When I was younger, I always wanted the perfect solution to an IT problem. I remember getting into argument after argument trying to insist upon the perfect configuration, setup, or whatever it was to meet the need.
The problem with looking for the perfect solution is that there are a lot of considerations that aren’t taken into account. These things apply not only to the problem at hand, but broader. Let’s look at some of them:
- The overall cost in money
- The amount of human effort it will take to get it implemented.
- The timeline it will take to implement.
- The complexity it introduces to the environment.

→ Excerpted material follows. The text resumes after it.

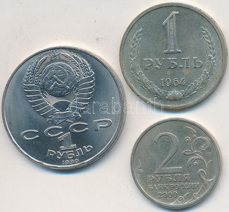 Russia 1964. 1 Roubl... https://www.darabanth.com/de/212-Fernauktion/212.0/Numismatik/Weltweit-Munzen~200024/Oroszorszag-1964-1R-plus-1990-1R-plus-2000-2R-T1-2-3Cbr3ERussia-1964-1-Rouble-plus-1990-1-Rouble-plus-200~II877936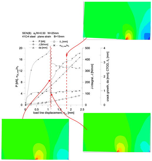 A slightly different nature of the changes can be noticed in the case of the analysis of the obtained results for the SEN(B) geometry with a thickness of B = 10 mm. While in the case of geometry with a thickness of B = 5 mm, a significant step increase in the crack length was observed, amounting to over 1 mm, for geometry with a thickness of B = 10 mm, we speak of a step increase of 0.5 mm. This is reflected in Figure 15b,e. During the presented load range, almost linear increases in the crack tip opening displacement, δT, and the increase in the fracture length, da, both as a function of the crack mouth displacement, δM, and the load line displacement, vLL, are observed. When the displacement of the load line displacement reaches the value vLL = 1 mm, the crack length increases rapidly—the J-integral value increases almost twice. It can be noted that the value of the maximum stresses opening the crack surfaces is almost constant and amounts to approximately (4.5–5.0)·σ0. This means that in the case of the thickness B = 10 mm, the increase in the length of the crack was not so significant as to affect the value of this measure of geometric constraints. It has been shown in [13] that the increase in the crack length is usually accompanied by a decrease in the maximum values of stresses opening the crack surfaces. In the case of the analyzed geometry and the material used, the increase in the fracture length by over 2.5 mm (i.e., by 10% in relation to the width of the specimen, W) significantly affects the level of maximum stresses opening the crack surfaces. This conclusion is also confirmed by the evaluation of the cracking process described in the previous paragraph for a specimen with a thickness of B = 5 mm (Figure 15a,d).

One issue that we encounter when insisting on the perfect solution is we bypass the good enough solutions. And often times the work and cost difference between good enough and perfect is substantial. By focusing on perfect, we end up committing people whom can be used elsewhere far longer than a good enough solution. we end up spending more money. In short, we reduce overall what the organization can get accomplished.
When we focus on perfect vs. good enough, we also potentially violate lean and agile principles. Lean and agile would indicate we get a minimum solution together as quickly as possible for feedback, for testing, for learning information we didn’t know we needed. From that initial offering, we get the knowledge we need to improve. And by iterating quickly, we end up developing the solution the user needs, not the one we had in our heads.
And that points out another issue with perfect solutions. They are perfect based on what we know at that point in time. But we don’t know what we don’t know. What we may envision as a perfect solution may be far away from is the best solution. We just don’t have the information to see that. Therefore, it’s not good to focus on the perfect. It’s the perfect based on incomplete information. And the perfect is the perfect enemy to architecture.